• **The problem**
Your answer must be the lines from the first one in the material through the line with "Dalam aksinya, mereka", retyped exactly and with no pictures.

----------

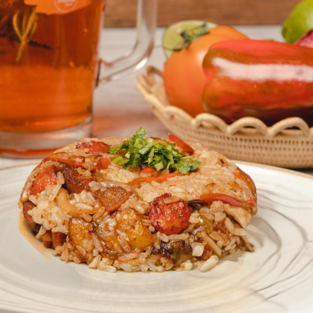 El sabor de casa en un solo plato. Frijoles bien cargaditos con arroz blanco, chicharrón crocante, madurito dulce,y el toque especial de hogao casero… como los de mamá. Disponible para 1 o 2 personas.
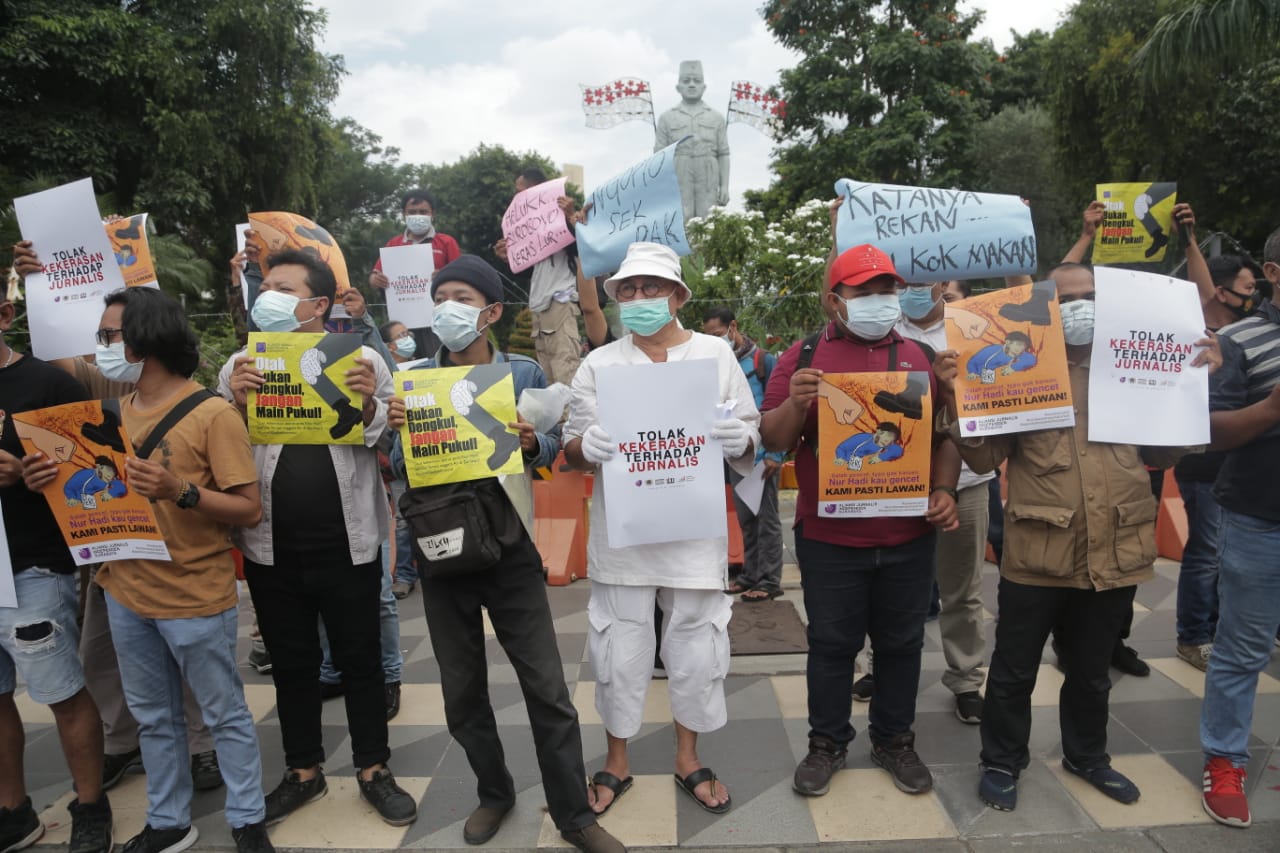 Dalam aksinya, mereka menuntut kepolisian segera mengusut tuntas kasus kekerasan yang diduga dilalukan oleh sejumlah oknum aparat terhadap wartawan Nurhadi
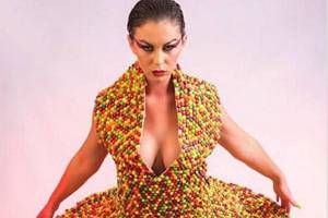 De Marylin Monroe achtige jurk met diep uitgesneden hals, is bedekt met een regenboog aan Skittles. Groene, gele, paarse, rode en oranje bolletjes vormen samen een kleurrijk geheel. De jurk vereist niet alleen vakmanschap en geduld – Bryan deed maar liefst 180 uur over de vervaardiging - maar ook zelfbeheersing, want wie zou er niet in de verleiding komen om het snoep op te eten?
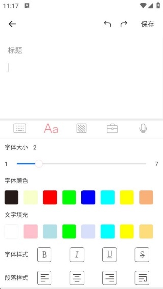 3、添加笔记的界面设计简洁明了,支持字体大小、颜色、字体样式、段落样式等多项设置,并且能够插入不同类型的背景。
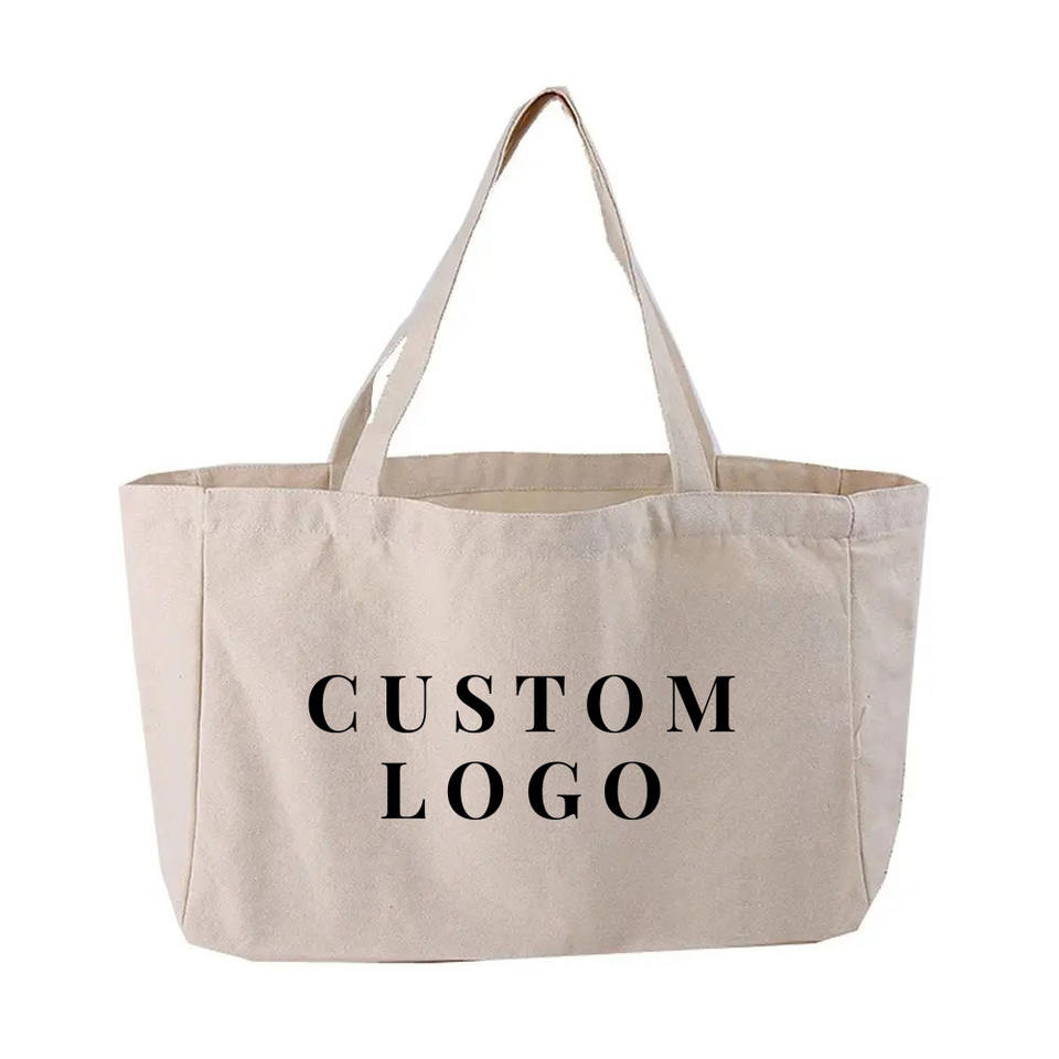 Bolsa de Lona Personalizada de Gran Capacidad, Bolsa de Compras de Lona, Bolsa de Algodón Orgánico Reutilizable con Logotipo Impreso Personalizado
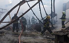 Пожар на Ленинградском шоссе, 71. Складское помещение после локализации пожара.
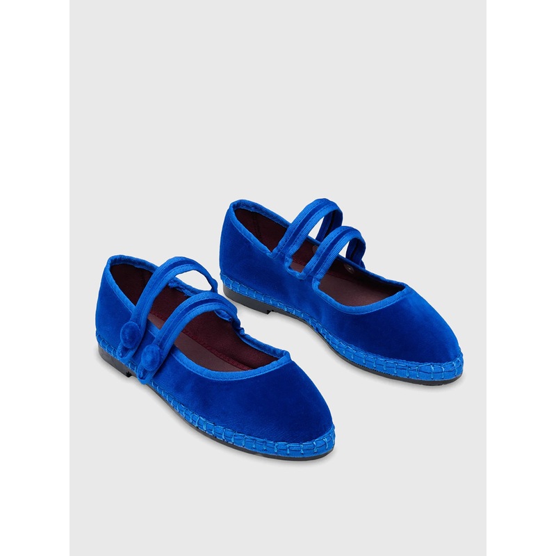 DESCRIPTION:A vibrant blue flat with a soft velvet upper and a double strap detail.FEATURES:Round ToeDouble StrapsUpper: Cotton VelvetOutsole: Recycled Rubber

----------

• **Result for this task**
 El sabor de casa en un solo plato. Frijoles bien cargaditos con arroz blanco, chicharrón crocante, madurito dulce,y el toque especial de hogao casero… como los de mamá. Disponible para 1 o 2 personas.
 Dalam aksinya, mereka menuntut kepolisian segera mengusut tuntas kasus kekerasan yang diduga dilalukan oleh sejumlah oknum aparat terhadap wartawan Nurhadi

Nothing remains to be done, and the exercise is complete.